=== Task instructions ===
Pictures stay out of the copy. Retype exactly the lines below from the one with "MARIE ANTOINETTA 03-CH-NI-CE | Ø" through the one with "Comparison of the".

=== Exercise material ===
• • • • • • •

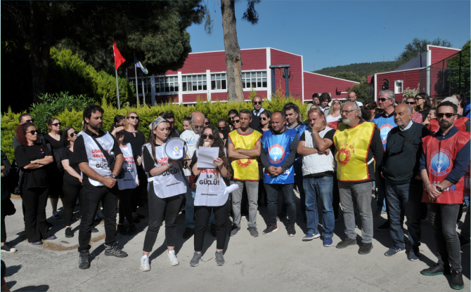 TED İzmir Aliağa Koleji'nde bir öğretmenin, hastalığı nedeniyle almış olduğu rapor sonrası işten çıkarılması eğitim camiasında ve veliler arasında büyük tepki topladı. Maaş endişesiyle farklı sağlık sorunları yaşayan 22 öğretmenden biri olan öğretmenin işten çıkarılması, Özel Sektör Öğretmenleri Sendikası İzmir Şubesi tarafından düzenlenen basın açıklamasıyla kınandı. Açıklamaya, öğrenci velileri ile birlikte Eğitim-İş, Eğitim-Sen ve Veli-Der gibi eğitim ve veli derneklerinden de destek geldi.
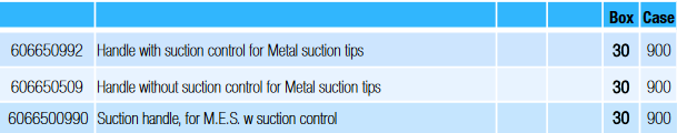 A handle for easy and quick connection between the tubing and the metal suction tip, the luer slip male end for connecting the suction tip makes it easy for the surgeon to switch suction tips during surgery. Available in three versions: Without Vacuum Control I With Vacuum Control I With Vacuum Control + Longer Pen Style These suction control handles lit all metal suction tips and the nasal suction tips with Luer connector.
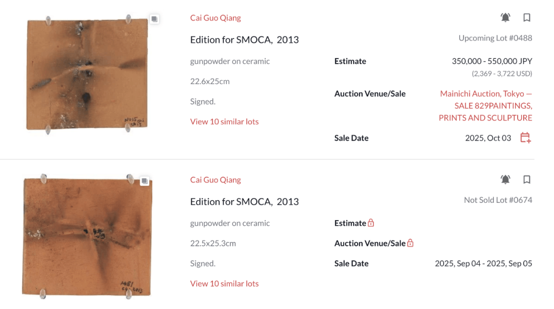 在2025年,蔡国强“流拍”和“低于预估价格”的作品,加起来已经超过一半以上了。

• • • • • • •

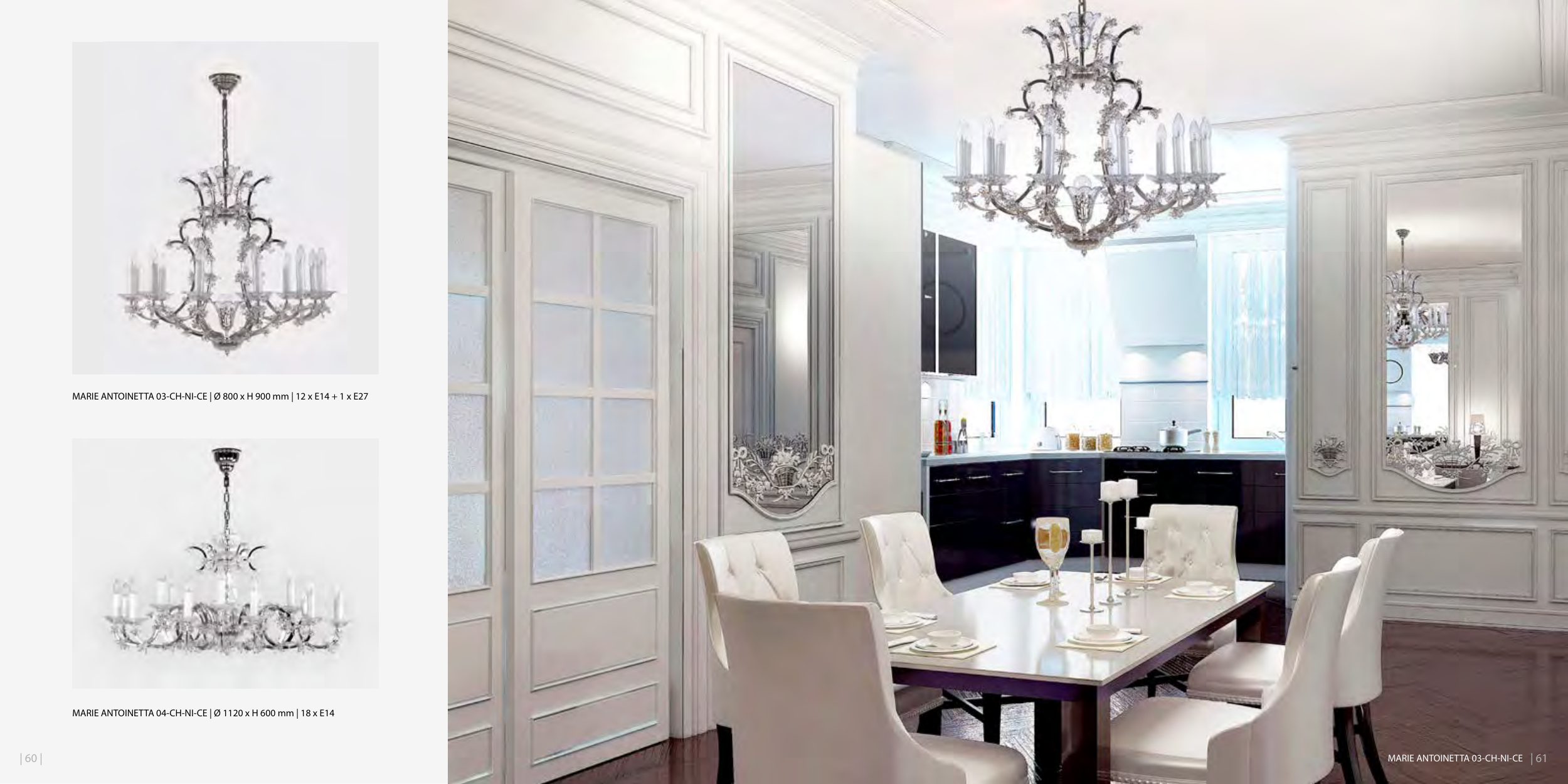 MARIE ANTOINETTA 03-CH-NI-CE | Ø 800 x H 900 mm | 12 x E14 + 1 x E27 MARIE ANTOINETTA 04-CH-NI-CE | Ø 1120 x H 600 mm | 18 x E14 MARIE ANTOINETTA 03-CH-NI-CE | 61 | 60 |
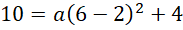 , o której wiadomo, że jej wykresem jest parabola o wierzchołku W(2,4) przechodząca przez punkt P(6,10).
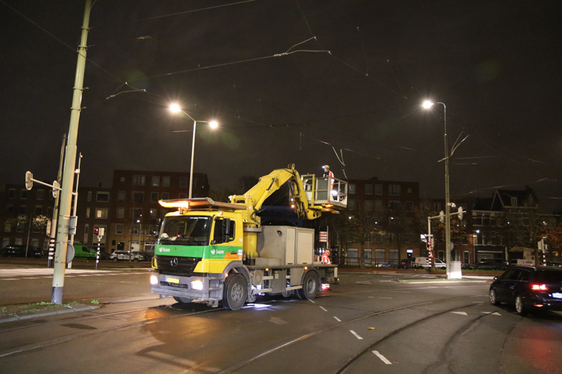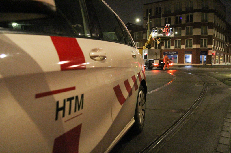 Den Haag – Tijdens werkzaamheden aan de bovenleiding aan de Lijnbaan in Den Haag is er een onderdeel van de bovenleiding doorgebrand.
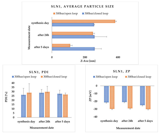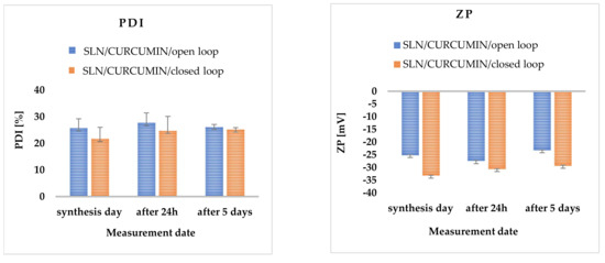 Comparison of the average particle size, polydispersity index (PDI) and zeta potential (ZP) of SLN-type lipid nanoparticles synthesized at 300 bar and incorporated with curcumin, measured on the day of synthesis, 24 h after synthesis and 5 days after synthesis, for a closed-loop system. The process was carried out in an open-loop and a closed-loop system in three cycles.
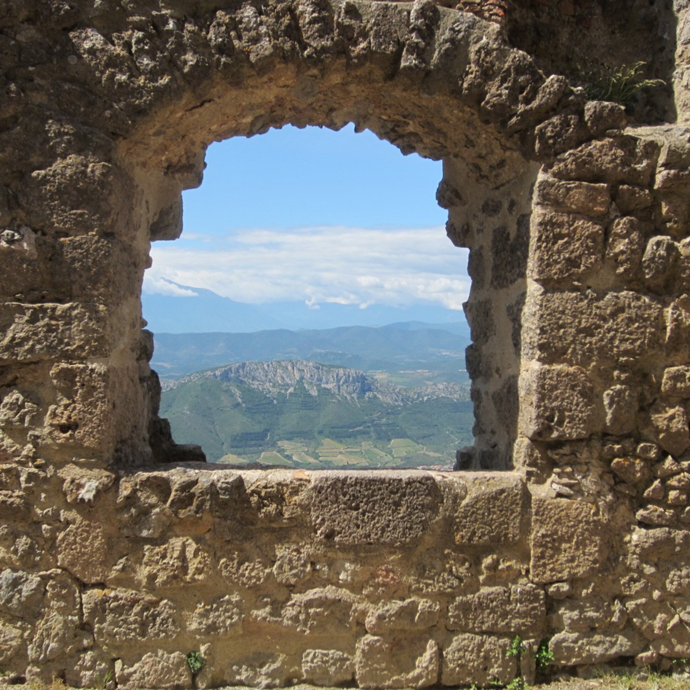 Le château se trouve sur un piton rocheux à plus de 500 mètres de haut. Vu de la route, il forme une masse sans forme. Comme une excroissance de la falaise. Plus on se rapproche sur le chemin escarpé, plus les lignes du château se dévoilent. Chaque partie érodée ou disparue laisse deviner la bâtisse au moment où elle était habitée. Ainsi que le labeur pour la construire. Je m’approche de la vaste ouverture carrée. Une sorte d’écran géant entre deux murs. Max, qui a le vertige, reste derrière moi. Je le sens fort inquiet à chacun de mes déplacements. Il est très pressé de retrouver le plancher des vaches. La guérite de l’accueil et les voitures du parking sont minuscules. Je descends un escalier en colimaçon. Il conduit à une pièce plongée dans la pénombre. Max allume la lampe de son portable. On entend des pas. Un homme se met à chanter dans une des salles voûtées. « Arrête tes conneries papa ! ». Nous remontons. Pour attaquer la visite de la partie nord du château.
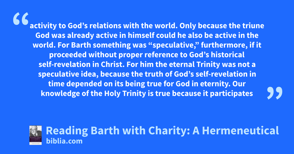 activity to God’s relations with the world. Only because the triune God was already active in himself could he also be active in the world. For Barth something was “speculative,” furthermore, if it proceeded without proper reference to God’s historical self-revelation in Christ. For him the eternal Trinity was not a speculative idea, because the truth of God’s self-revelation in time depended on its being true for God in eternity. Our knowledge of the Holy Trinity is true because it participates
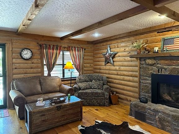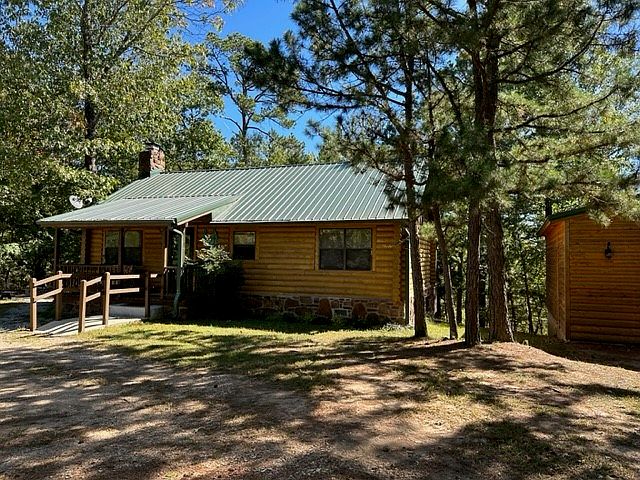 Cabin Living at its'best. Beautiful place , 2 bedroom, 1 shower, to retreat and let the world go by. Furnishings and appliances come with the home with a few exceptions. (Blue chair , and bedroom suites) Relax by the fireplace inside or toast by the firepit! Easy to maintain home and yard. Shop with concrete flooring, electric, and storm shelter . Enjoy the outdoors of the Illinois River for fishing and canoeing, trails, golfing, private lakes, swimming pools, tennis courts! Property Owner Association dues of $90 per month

• • • • • • •

=== Result ===
 MARIE ANTOINETTA 03-CH-NI-CE | Ø 800 x H 900 mm | 12 x E14 + 1 x E27 MARIE ANTOINETTA 04-CH-NI-CE | Ø 1120 x H 600 mm | 18 x E14 MARIE ANTOINETTA 03-CH-NI-CE | 61 | 60 |
 , o której wiadomo, że jej wykresem jest parabola o wierzchołku W(2,4) przechodząca przez punkt P(6,10).
 Den Haag – Tijdens werkzaamheden aan de bovenleiding aan de Lijnbaan in Den Haag is er een onderdeel van de bovenleiding doorgebrand.
 Comparison of the average particle size, polydispersity index (PDI) and zeta potential (ZP) of SLN-type lipid nanoparticles synthesized at 300 bar and incorporated with curcumin, measured on the day of synthesis, 24 h after synthesis and 5 days after synthesis, for a closed-loop system. The process was carried out in an open-loop and a closed-loop system in three cycles.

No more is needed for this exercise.